Pictures are to be left out; otherwise, copy exactly the lines from the line containing "Your custom cigar" through the end of the data.

* [Records excerpted from a collection]
= = =
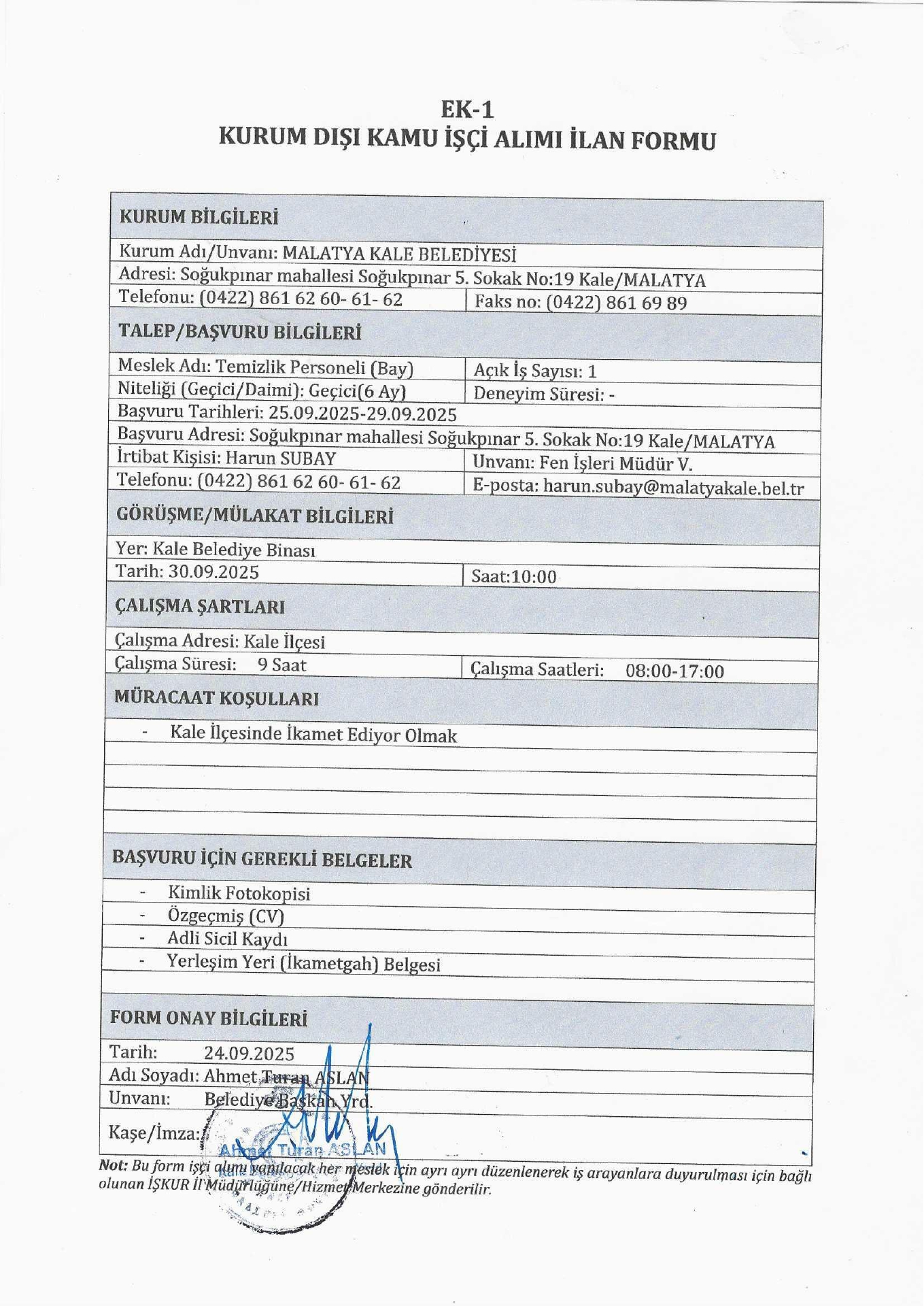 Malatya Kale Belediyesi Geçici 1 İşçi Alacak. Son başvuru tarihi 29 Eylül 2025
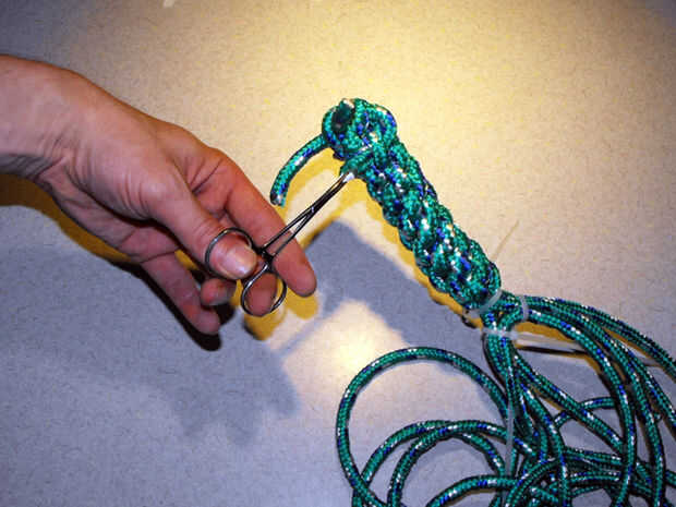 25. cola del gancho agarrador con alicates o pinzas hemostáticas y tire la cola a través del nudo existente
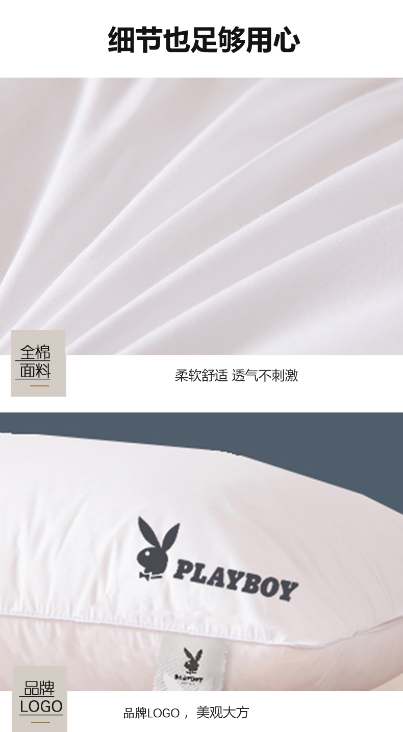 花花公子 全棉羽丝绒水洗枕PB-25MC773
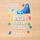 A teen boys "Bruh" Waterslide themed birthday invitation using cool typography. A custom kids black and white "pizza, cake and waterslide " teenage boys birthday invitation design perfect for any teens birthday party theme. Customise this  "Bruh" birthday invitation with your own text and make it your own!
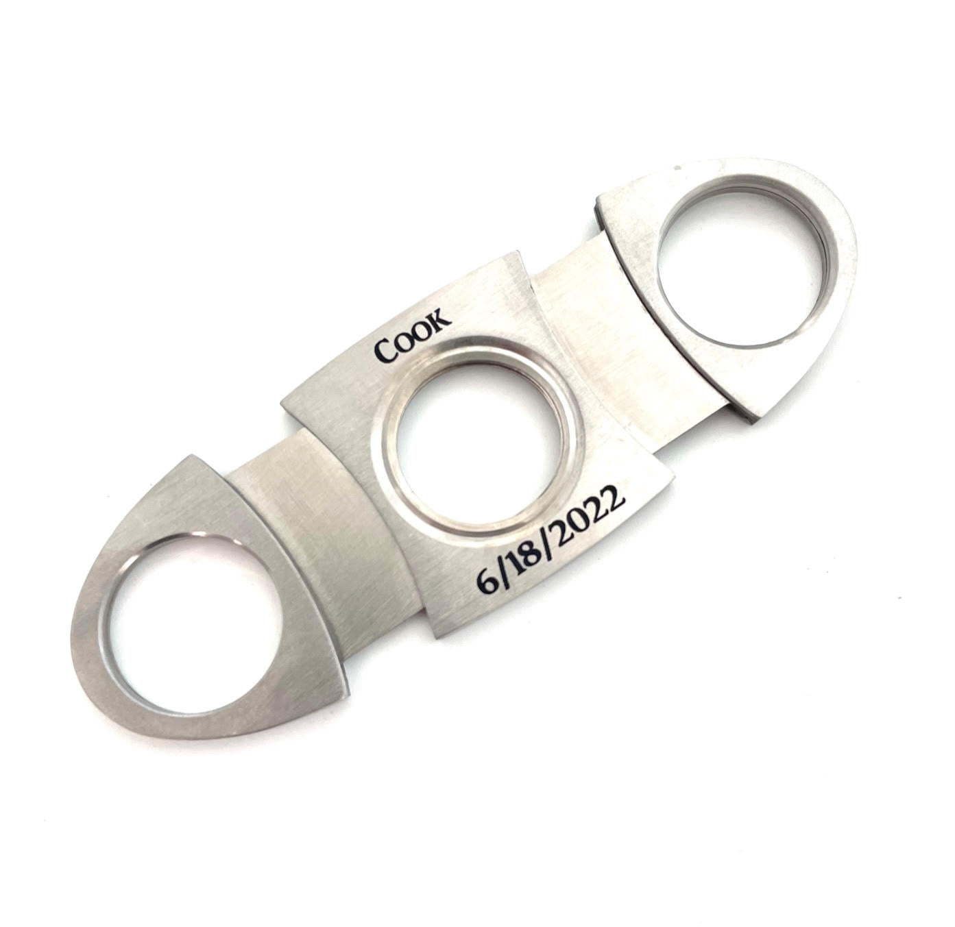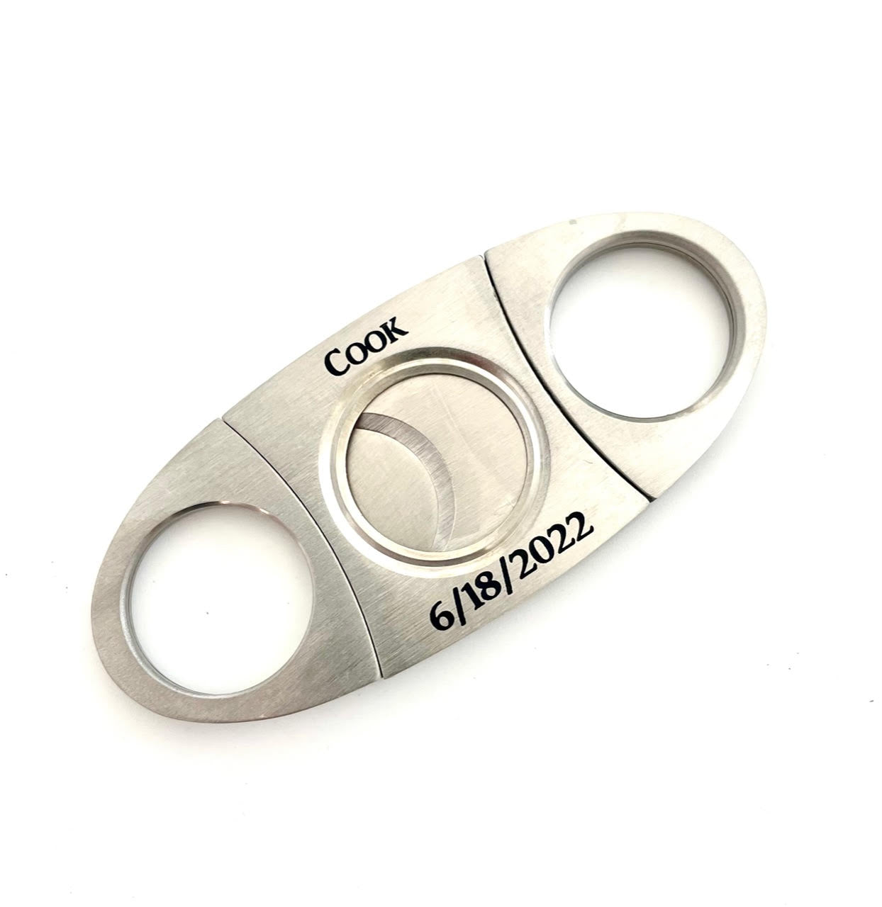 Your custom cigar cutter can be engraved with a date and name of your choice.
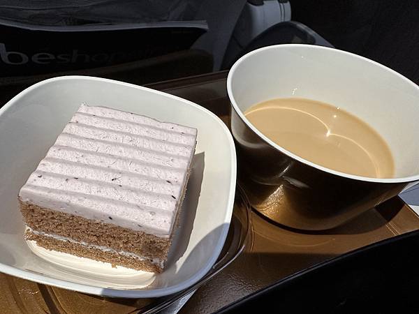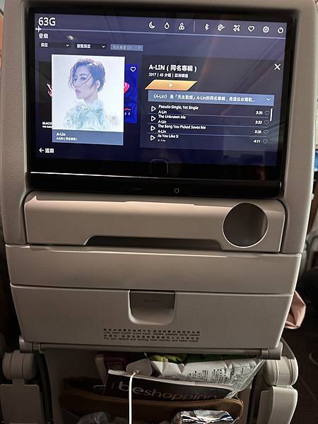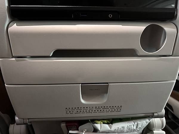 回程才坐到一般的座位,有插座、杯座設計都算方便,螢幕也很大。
= = =
* [SOLUTION FOR THIS PROBLEM]
 Your custom cigar cutter can be engraved with a date and name of your choice.
 回程才坐到一般的座位,有插座、杯座設計都算方便,螢幕也很大。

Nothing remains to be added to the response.